What’s more, this South London-based Canadian-Serb clearly has good people around her, near and far, seeing her through a stop-start couple of years due to the pandemic (she was holidaying in Serbia with partner and musical co-worker James Howard when the country closed its airports, leaving them unable to return at first) and big life moves.

Dana reveals of aptly-named second album, When It Comes, out on April 29th via Full Time Hobby (and set to be released in the US via Ba Da Bing Records and Flemish Eye in Canada), “In many ways this record feels like it is my first”.

She added, “When I could use my voice, I had to focus, so there is an urgency and greater emotional trajectory than before… it’s very connected to vocal presence, which extended into an existential questioning of my connection to music. It felt like a battle at times, which I frequently lost.”

Accordingly, Dana’s most vulnerable record to date is, “an ode to the voice as an instrument – its power, and how intricately it can deliver words to tug at, and tie knots in, every heartstring”.

I hear that, but feel the instrumentation, not least the LP’s electronic touches, adds something else again, carrying on where she recently left off.

Dana’s debut LP, 2020’s Yesterday Is Gone, and that year’s covers EP, Wind Songs (her cracking interpretation of King Crimson’s ‘I Talk to the Wind’ accompanied by Chic, Tim Hardin and Judee Sill covers, and a Macedonian folk song) were lauded for their intimacy, the first record tracing a timeline of her teenage years in Vancouver, a move to Montreal and visiting family homes for kitchen talks with her ‘Baka’ (grandma) in Serbia.

But while this LP started coming together in Montreal and was completed in Belgrade, it’s more of a London creation, while at the same time – as her label put it – ‘something altogether more atmospheric and widescreen’.
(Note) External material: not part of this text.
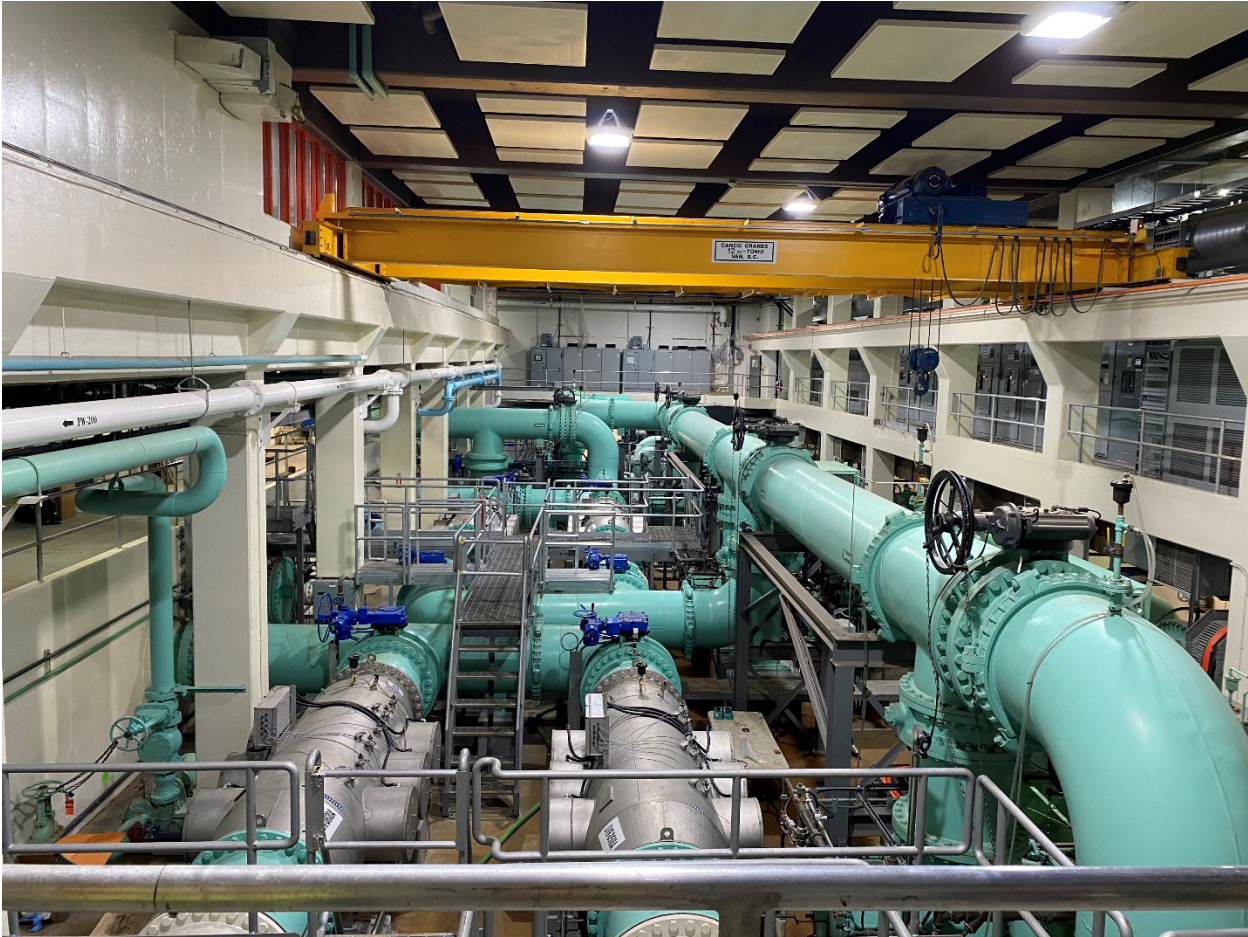
Figure 11: View from East Side of Deacon Pump Floor
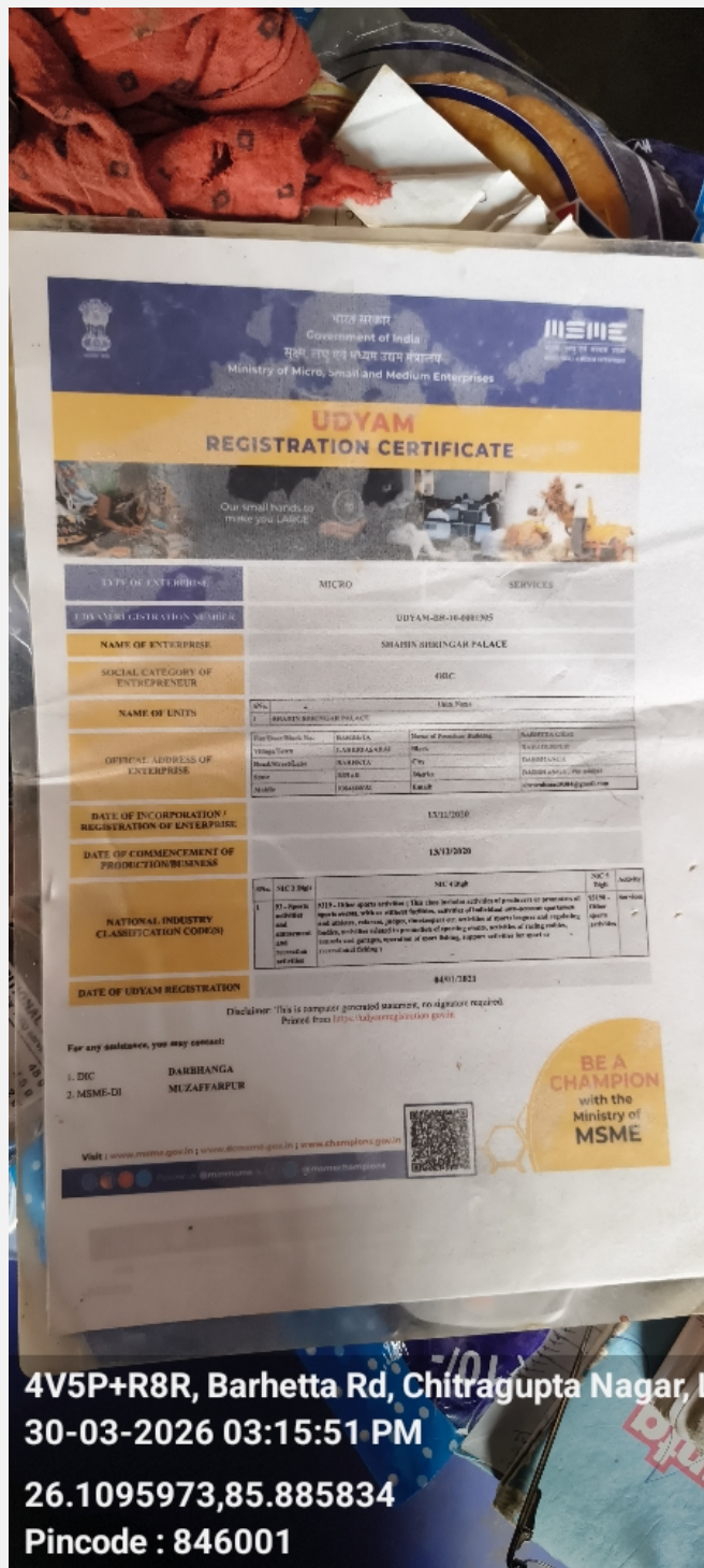
Photo of ID Proof

4V5P+R8R, Barheta Rd, Chitragupta Nagar, L 30-03-2026 03:15:51 PM 26.1095973,85.885834 Pincode : 846001

Dana explained, “Yesterday Is Gone consisted of straightforward pop songs, this album is about searching for something to excite me back into songwriting. It’s about finding the origins of my connection to music, that tenuous but stubborn and strong link – why it draws me and what if anything, I can learn from it.

“The album title has a heaviness to it but also a lightness, depending on your frame of mind. It’s about being open, and letting it come whatever it is, without judgement.”
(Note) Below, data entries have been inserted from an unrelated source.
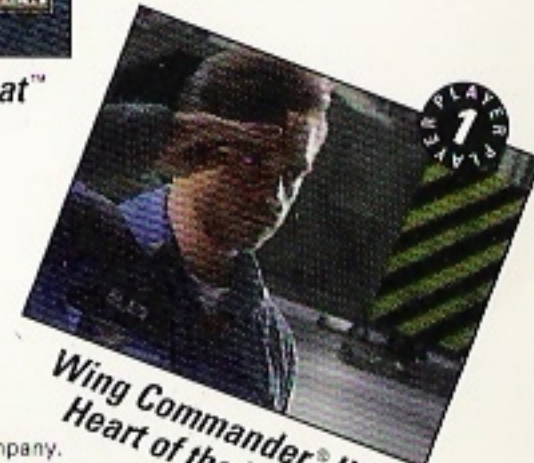
Wing Commander® III: Heart of the Tiger™
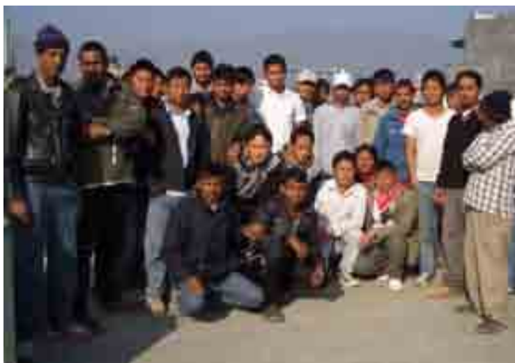
Figure 7: Group representing 46 returnees from Libya

“We paid NPR 125,000 to 130,000 [US$1,730-1,810] in fees to agents in the branch offices in Jhapa, Morang and Sunsari districts. We borrowed this amount from private individuals at 36 to 60 per cent annual interest. None of us have repaid any of the principal amount. Our agents told us that this fee included visa, flight ticket and insurance. We had to pay for the medical exam, airport tax and orientation separately. Only about five per cent of us received a receipt for the total amount without any breakdown of costs. Some of the receipts were on plain paper, while others were on company letterhead. The vast majority of us did not receive any receipt, even though some asked for one. The branch agents merely promised us without delivering it.” 92
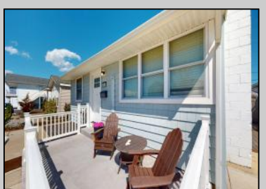
231 33rd Brigantine, NJ 08203
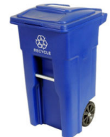
32GAL WHEELED CONTAINER

She was at home when I called, recent spare time taken up by moves back and forth across town with husband James (Blue House, Fiction, Rozi Plain) to a new South London base.

Dana remains in New Cross for now though, prompting me to ask if there’s a flooded basement at her old or new property, one housing that sea organ heard on ‘The Rocks’, specially recorded for recent WriteWyattUK interviewee Cerys Matthews on BBC 6 Music.

“Mmm … yes, that’s where I did it. Ha! I guess that means you heard the sound-piece.”

Indeed, I was catching up on Cerys’ show and was pleased to hear you feature there.

“Oh, lovely! I had fun making that piece.”

In fact, Cerys tweeted at the weekend about the wonders of listening to Dana ‘humming along to the waves of the sea playing an organ (yes! a sea organ)’.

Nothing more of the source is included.